Tech Wars
Bogotá, Colombia.
Guillermo Valencia A
Noise: The trade war between the United States and China.
Signal: The economy of Internet is far greater than the economy backed by any sovereign state. It’s bigger than the US, China and the Eurozone. The way these sovereign states choose to handle the Internet going forward will play a monumental role in determining the new rules of the global economy.
We see many possible outcomes from the interactions between individual nations and the Internet.
The US and Eurozone will enforce antitrust and privacy protection laws against the tech giants (AMZN, GOOGL, FB, NFLX).
This will promote further decentralization of the Internet. This is very positive for the development of blockchain ecosystems and other technologies that are empowered by decentralization.
The China approach is different. The governing party wants more control over companies like Alibaba, Tencent and Baidu. For them, these companies are a powerful platform for political control.
This trend will slow decentralization, producing more centralization. The price of extreme centralization is fragility.
Hierarchical transaction costs are higher than decentralized infrastructures. China needs Artificial Intelligence (AI) in order to decrease their transaction costs.

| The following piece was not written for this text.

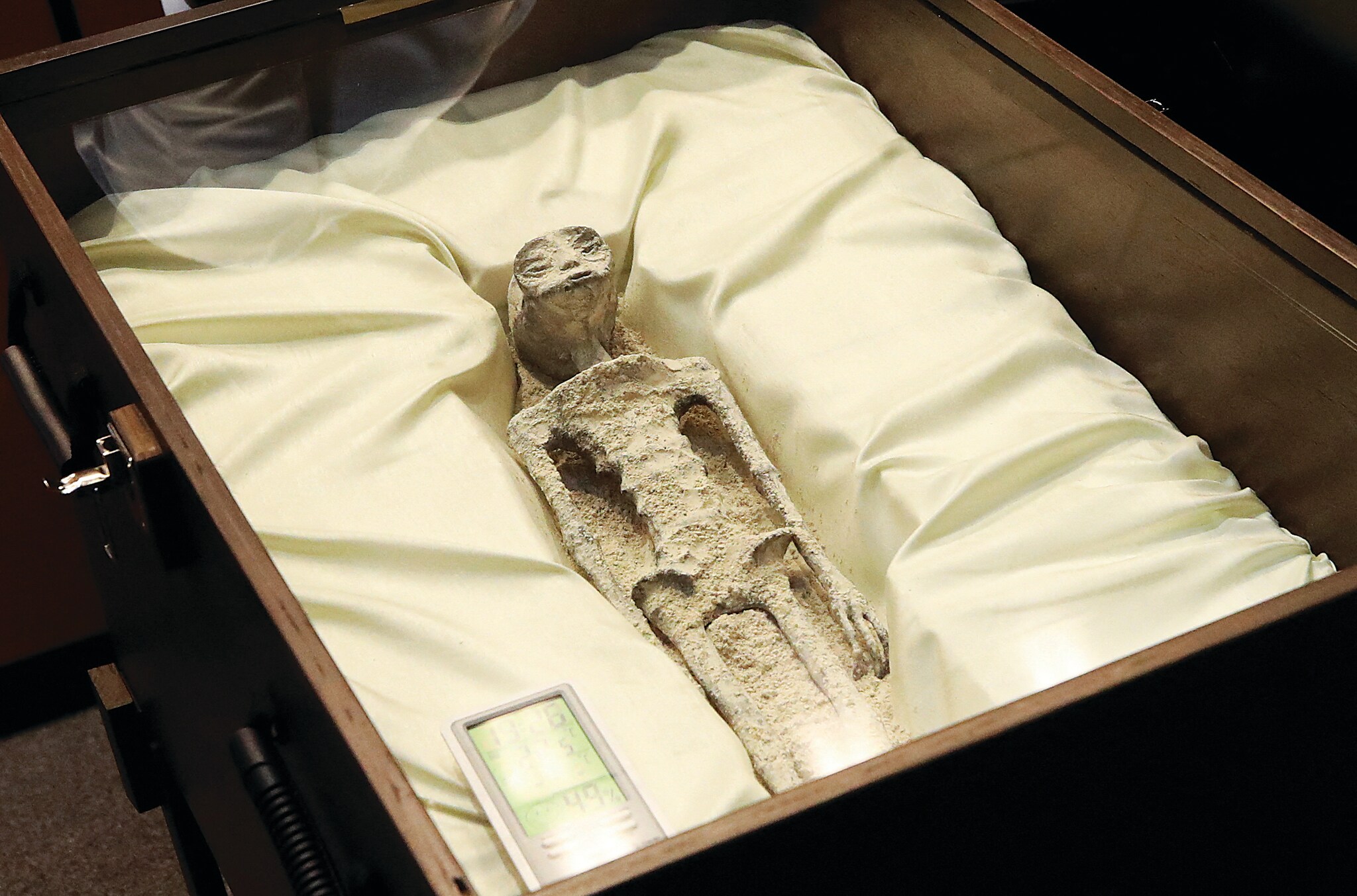 A small figure in a box described by journalist and UFO researcher Jamie Maussan as "non-human" beings found almost a decade earlier in Peru are presented at a hearing in the Mexican Congress" Chamber of Deputies on September 12, 2023. Many scientists express scepticism, saying many details about the figures "made no sense". In 2017, Maussan made similar claims, which were found later to be "recently manufactured dolls, which have been covered with a mixture of paper and synthetic glue to simulate the presence of skin."

China sees AI as a way to overcome the technological superiority of the US. We see this as a tremendous driver for a bull market in AI related companies in China, including Cambricon (NVIDIA competitor), Mobvoi (focus on voice recognition), UBTECH Robotics (Intelligent Humanoid Service Robots).
The US will also react. We expect to see a program at least the size of NASA focused on artificial intelligence, if not much larger. The big tech players will be important stakeholders in the initiative process and developers of these intelligence services.
There are many reminders of the the Cold War Era, but the race isn’t for space this time. The race is to conquer AI. The geopolitical arena will dominated by cyber warfare.
Terminator kind of propaganda could trigger a very strong anti-tech sentiment. Machines vs. Humans will be part of the speech of many populists. Deficits will affect the purchasing power of many developed countries.
We are approaching the inflection point to the beginning of a very weak USD megatrend. This is very positive for Emerging Markets.
Anti-tech sentiments will also be related with inequality. Tech-rich entrepreneurs and companies will be targets of more taxes.
Potential migration of tech savvy people to Emerging Markets could help define new technological ecosystems around the world. Brazil, Argentina, New Zealand, Singapore and Indonesia could be attractive places for tech savvy people. If that does happen, it creates a very compelling case for growth in emerging markets.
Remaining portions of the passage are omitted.